We can't find the internet
Attempting to reconnect
Something went wrong!
Hang in there while we get back on track
Ara Pulido – Kubernetes at Datadog Scale
Datadog's journey to scale Kubernetes to over 1,000 nodes across multiple clouds, including their approach to networking, policy enforcement, and developer experience.
- Datadog has over a thousand nodes per cluster, using multiple clouds.

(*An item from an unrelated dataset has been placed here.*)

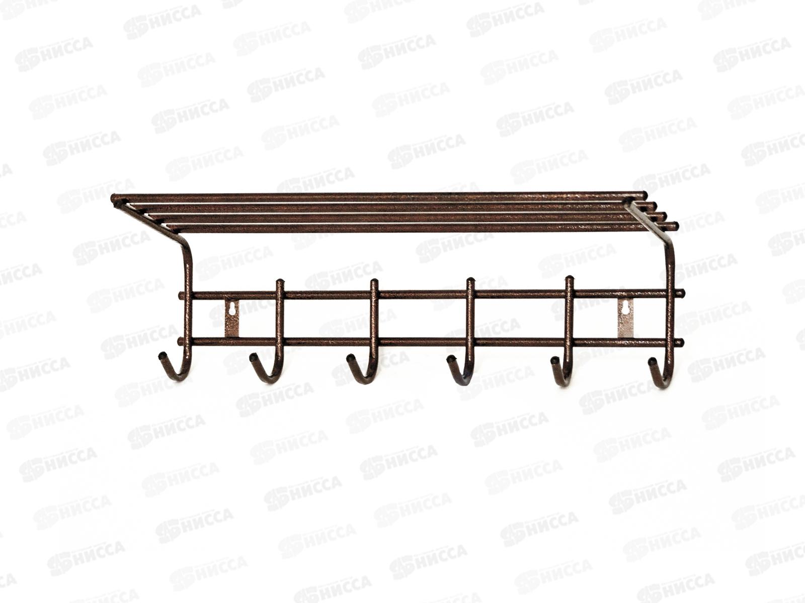 Вешалка для одежды 6 крючков с полкой антико медь 1210

- They started migrating to Kubernetes, initially using IPv6 and Selium for networking.
- They chose Selium over Istio for host-to-host encryption due to its simplicity and flexibility.
- Datadog’s engineers contributed to Selium, making it a more reliable choice.
- They implemented vertical pod scaler to reduce nodes and save costs.
- Direct port routing was chosen over IPVS or IP tables for pod networking.
- They used Rego code for policy enforcement with gatekeeper, allowing them to validate and mutate requests.
- Datadog’s approach to policy enforcement is to expose as much Kubernetes as possible to developers.
- They prioritize developer experience, using APIs to make Kubernetes more accessible.
- They believe in the importance of extending Kubernetes through custom resource definitions.
- Datadog uses Kubernetes as a platform to build its platform, focusing on simplicity and extensibility.
- They are committed to making Kubernetes API-driven, using APIs to enable automation tools.
- Gatekeeper is a super easy-to-use policy enforcement tool, making it suitable for new users.
- Datadog’s journey with Kubernetes has been a six-year-long process of learning and adaptation.
- They emphasize the importance of understanding Kubernetes internals to build a scalable and maintainable system.
- Datadog’s success with Kubernetes is attributed to its adoption of managed Kubernetes, as well as its own engineering efforts.
- They are hiring engineers who are experienced in Kubernetes and container networking.